Key empirical findings include:

• Contrastive prompting significantly increases safety rates: For GPT-3.5-Turbo, safety rate rises from 0.58 (zero-shot) to 0.68 (contrastive) without a Critic agent, and to 0.86 with the Critic agent.
• The Critic agent yields the largest positive shift in safety at the cost of reduced helpfulness, indicating a conservative decision policy when faced with ambiguous or high-risk steps.
• Gemini-1.5-Pro achieves the highest absolute safety rates, but its helpfulness is relatively low. Llama-3-70B, an open-source model, approaches closed-source performance, highlighting the narrowing safety/helpfulness gap.
• Two-shot contrastive examples outperform one-shot (safe or unsafe only) examples, evidencing that paired positive/negative demonstrations are more effective for LLM safety reasoning.
• Human-LM annotation agreement for safety is high (Cohen's $\kappa$: 0.74), validating the reliability of Athena's automatic evaluation.

Implications and Future Directions

The results assert that in-context verbal contrastive learning is an effective safety intervention for LLM agents, especially when combined with persistent Critic prompting. The proposed paradigm is robust across model scales and architectures, signifying broad applicability.

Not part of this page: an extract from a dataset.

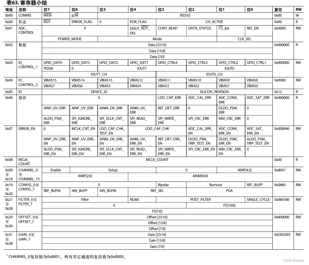// printf("\n\n%d\r:%s.... RUN\r\n",tls_os_get_time(),__FUNCTION__);tls_gpio_cfg(spi_cs, WM_GPIO_DIR_OUTPUT, WM_GPIO_ATTR_PULLHIGH);tls_gpio_cfg(spi_ck, WM_GPIO_DIR_OUTPUT, WM_GPIO_ATTR_PULLHIGH);tls_gpio_cfg(spi_di, WM_GPIO_DIR_INPUT, WM_GPIO_ATTR_FLOATING);tls_gpio_cfg(spi_do, WM_GPIO_DIR_OUTPUT, WM_GPIO_ATTR_PULLHIGH);tls_gpio_cfg(spi_sync, WM_GPIO_DIR_OUTPUT, WM_GPIO_ATTR_PULLHIGH);tls_gpio_cfg(spi_reset, WM_GPIO_DIR_OUTPUT, WM_GPIO_ATTR_PULLLOW);tls_gpio_write(spi_sync,1);//resetSPI_Ad7124_Reset();Ad7124_DELAY;//必须Spi_Ad7124_ReadRaw(0);//通道 channel0x09 15:通道使能 14-12:setup 11-10:00 9-5:ainp/4-0:ainm ain2/ain3Spi_Ad7124_WriteRaw(0x9, 0x8043);//[15]:1 [14:12]:000 [9:5]:00010 [4:0]:00011 0x8043 1000 0000 0100 0011//配置 reg_config0x19 极性/开路电流幅度/REFIN、AIN缓冲使能/REF_SEL0/PGA32Spi_Ad7124_WriteRaw(0x19, 0x1e5);//[8]:1 [7]:1 [6]:1 [5]:1 [4:3]:00 [2:0]:101 0x1e5 1 1110 0101 //fiter过滤器 0x21 23-21:过滤器类型000:sinc4 010:sinc3 100:sinc4快速 101:sinc3快速 111:后置滤波器使能//20:REJ60 19-17:POST_FITER 011:sps25 62dB 16:Single_cycle单周期转换使能 15-11:00000 10-0:FS滤波器输出速率选择1-2047Spi_Ad7124_WriteRaw(0x21, 0x160080);// 0001 0110 00000000 10000000//Spi_Ad7124_WriteRaw(0x21, 0x1c0080); // 0001 1100 00000000 10000000//Spi_Ad7124_WriteRaw(0x21, 0x60080); // 0110 00000000 10000000//gain增益 0x32//Spi_Ad7124_WriteRaw(0x32, 0x1e5);//offset失调 0x29//Spi_Ad7124_WriteRaw(0x29, 0x1e5);//诊断//adc控制 0x1 12:DOUT_RDY_DEL/11:CONT_READ连续读取/10:data_status/9:cs_en/8:ref_en内部基准电压使能/7-6:功耗模式/5-2:工作模式连续读取/1-0:clk_selSpi_Ad7124_WriteRaw(0x1, 0x04c0);//[11]:0 [10]:1 [7:6]:11 [5:2]:0000 [1:0]:00 0x4c0 0100 1100 0000//IO_CONTROL 0x3 0x3:24-20数字输出Px/19-16数字输出Px使能/15:PDSW电桥/14:0/13-11:Iout1电流100=500uA/10-8:Iout0电流100=500uA/7-4:Iout1_ch 000:AIN0/3-0:Iout0_ch 0001:AIN1Spi_Ad7124_WriteRaw(0x3, 0x2401); //[13:11]:100 [10:8]:100 [7:4]:0000 [3:0]:0001 0x2401 0010 0100 0000 0001//Spi_Ad7124_WriteRaw(0x4, 0x8c0);//内部偏置电压ain15-0printf("\n%d\r:%s....reg:0x9 0x8043 data:0x%x \r\n",tls_os_get_time(),__FUNCTION__,Spi_Ad7124_ReadRaw(0x9));printf("\n%d\r:%s....reg:0x19 0x1e5 data:0x%x \r\n",tls_os_get_time(),__FUNCTION__,Spi_Ad7124_ReadRaw(0x19));printf("\n%d\r:%s....reg:0x1 0x14c0 data:0x%x \r\n",tls_os_get_time(),__FUNCTION__,Spi_Ad7124_ReadRaw(0x1));printf("\n%d\r:%s....reg:0x3 0x2401 data:0x%x \r\n",tls_os_get_time(),__FUNCTION__,Spi_Ad7124_ReadRaw(0x3));

Practically, Athena supplies a ready-to-use safety benchmark and a compositional method for real-time agent rollout safety control, directly relevant for agent deployment in high-stakes environments like automotive, medical technology, and smart device domains. The demonstrated vector DB architecture for trajectory management is scalable to continued agent learning and more complex scenario distributions.

Theoretically, the paper motivates research into optimal selection, weighting, and abstraction of contrastive examples for in-context safety shaping. Integrating Athena's verbal contrastive protocol with advanced reasoning methods such as CoT, Self-Refine, or Reflexion could yield further agent safety improvements.

Notably, the evidence that open-source models are closing the safety-performance gap with proprietary systems prompts future work on democratized agent safety protocols.

Conclusion

Athena delivers a scalable, empirical framework for improving the safety of LLM-driven agents by combining verbal contrastive learning and Critic-led real-time intervention. The introduction of a broad safety benchmark and strong empirical evidence for the impact of contrastive prompting reframes how safety can be operationalized in autonomous language-based agents. Future developments are likely to focus on hybrid prompt engineering strategies, dynamic retrieval of past experience, and joint optimization of safety and task efficacy for robust agent deployment (2408.11021).